From Prediction to Action
Predictive modeling isn’t just about building algorithms —it’s about embedding insights into daily decisions.
Practical applications include:
- Prioritizing quotes with a higher probability of success.
- Detecting projects likely to drift off schedule or budget.
- Identifying human or logistical factors that most affect profitability.
- Optimizing purchasing and resource planning based on historical behavior.
In short: the goal isn’t to predict out of curiosity, but to anticipate in order to act.
Why This Approach Matters
In a competitive environment, companies that can translate their data into predictive intelligence gain a clear advantage.
They reduce uncertainty, manage risk proactively, and deploy resources more efficiently.
What’s most interesting is that many already have all the necessary data —they just need to structure it and approach it with the right analytical mindset.
Conclusion
Machine Learning isn’t reserved for tech giants.

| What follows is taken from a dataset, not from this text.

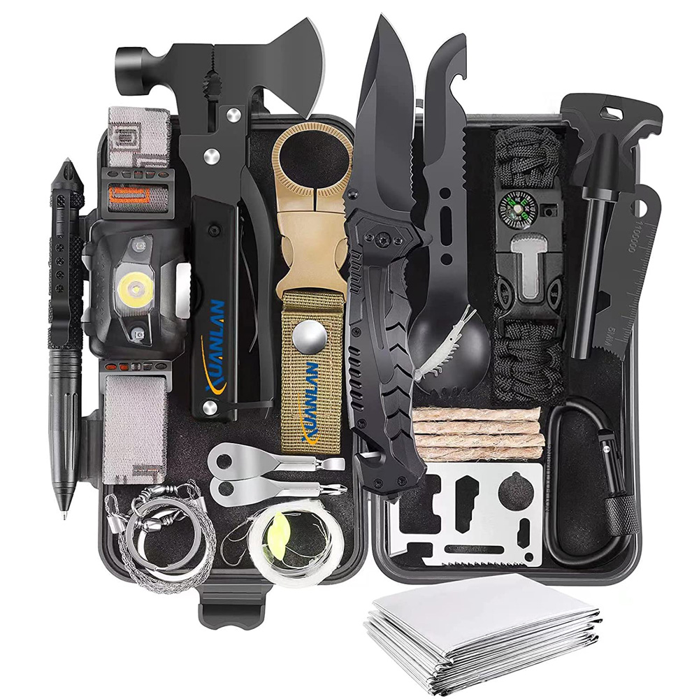 • 【Must Have Survival Gear and Equipment】29 in 1 XUANLAN survival kit contains everything you need when there is any emergency situation occurs. 29 popular camping accessories and survival gear in the kit: 15 in1 Hatchet, LED Headlamp, Tactical Pen, Bottle Hanging Buckle, 8 in1 Multi-use Spork, Survival Bracelet, Fire Starter, Fire Starting Stick, Climbing Hooks, Multifunctional Card, Wire Saw, Emergency Blanket, Fishing gear, Keychain Screwdrivers.

Any company that has been recording its operations for a few years can use its own data to learn, adapt, and project future performance.
Predictive models help organizations make clearer decisions, foresee challenges, and strengthen profitability.
Most organizations already possess the information they need —what they lack is a smarter way to read it.
That’s where predictive models become a design tool: they reveal how decisions, teams, materials, and context interact to form a clearer picture of what’s ahead.
At Dagaa, we develop models that do exactly that —turning data into actionable insight by combining technical understanding with business perspective.
Every model is unique, because every company has its own pattern, its own rhythm, and its own story written in data.
Sometimes, the first step isn’t to predict the future —it’s simply to start seeing it more clearly.